Dynamic system memory use

Lex Spoon lex at cc.gatech.edu
Fri Feb 1 05:55:22 UTC 2002


Tim Rowledge <tim at sumeru.stanford.edu> wrote:
> Squeak can increase the memory it uses if the OS supports a suitable
> method of extending the original allocation - or potentially making a
> new larger allocation and copying the entire object memory across and
> swizzling all the pointers. See the macros
>     #define sqGrowMemoryBy(oldLimit, delta) oldLimit
>     #define sqShrinkMemoryBy(oldLimit, delta) oldLimit
>     #define sqMemoryExtraBytesLeft(includingSwap) 0
> in sq.h and their uses.

Unfortunately, these functions are hard to implement.  They expect the
heap to be reallocated *in place*, and more importantly, they expect the
heap to stay as one contiguous segment.  realloc() could probably be
made to work, but it's still going to be difficult on the underlying OS,
simply because realloc-ing hundreds of megs will make the 4 gigs of
32-bit addressable space start running out!

I don't know what is being done on the Windows and MacOS ports to
support these.  On Unix, all I could think of is to allocate a huge
amount of space using mmap, and then not touch it until it's needed. 
This works for allocation.  For deallocation, munmap can be used,
followed by an immediate mmap.  Unfortunately, there is no real
guarantee that the second mmap is going to work, which would mean the
system suddenly has a very small amount of free heap space!


> One of the classic problems with trying to extend or reduce memory usage
> is thrashing; you do all the work of getting more or releasing some and
> - wham, you need to reverse and do the opposite.

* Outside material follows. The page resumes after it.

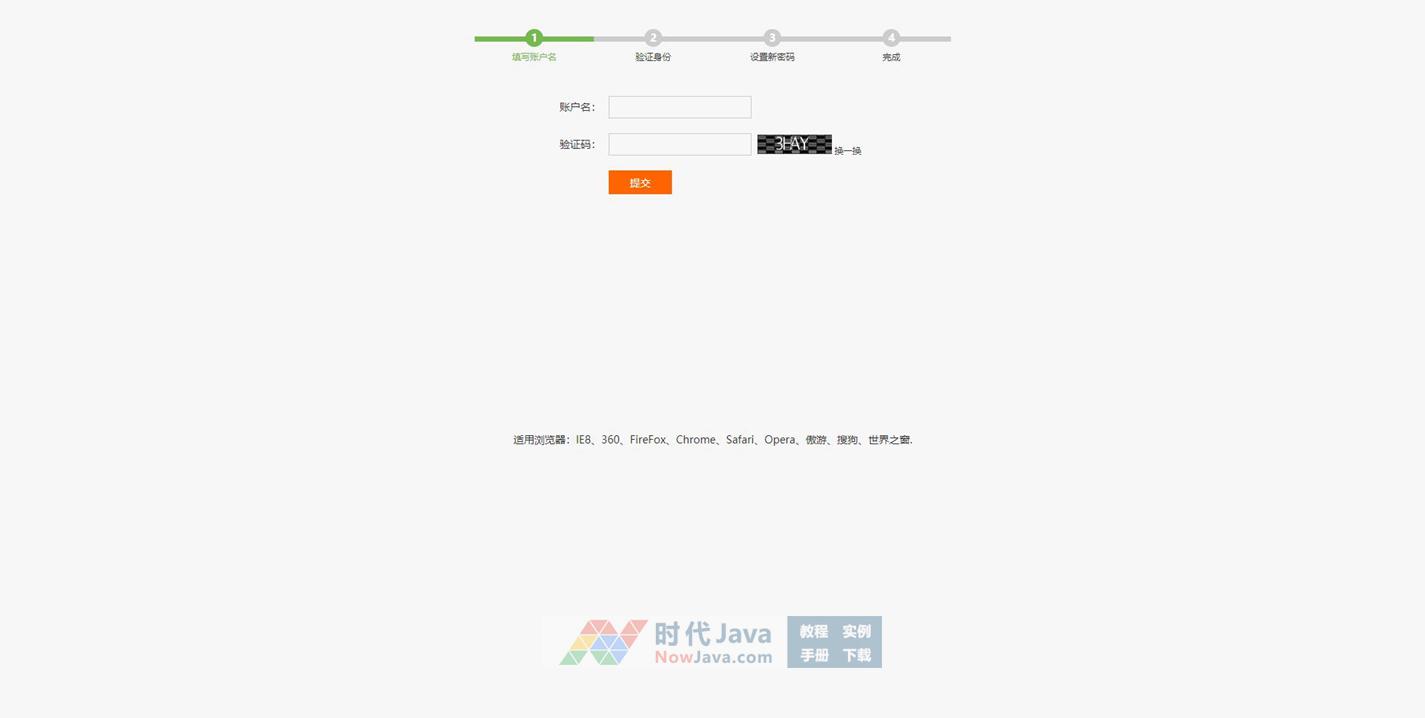 这是一款绿色清新风格的带有流程步骤的忘记密码找回密码验证表单代码,jQuery按步骤找回密码代码。

I did a version once
> that tried a hysterisis approach of never releasing more than one
> previously added segment jst in case and that worked quite well in the
> seriously memory constrained environment in which it lived (1Mb ram
> total on the machine).

Was this work for Squeak?!

A segmented allocater would be a lot easier on the underlying platform. 
Every platform has malloc() and free().  Not every platform has
"allocate and leave plenty of space after the end()" and "remember that
area I allocated?  allocate some more() ".

Then again, in practice it's not a big deal.  Normally a default of 30m
or so is plenty.  Furthermore, the memory is usually not wasted: Unices
tend to not allocate real RAM (or often even real swap space) until you
actually try to use your memory.  And if you need more memory, then you
can typically specify a few hundred megs and be fine.  It should be rare
to have very many such processes on a single computer.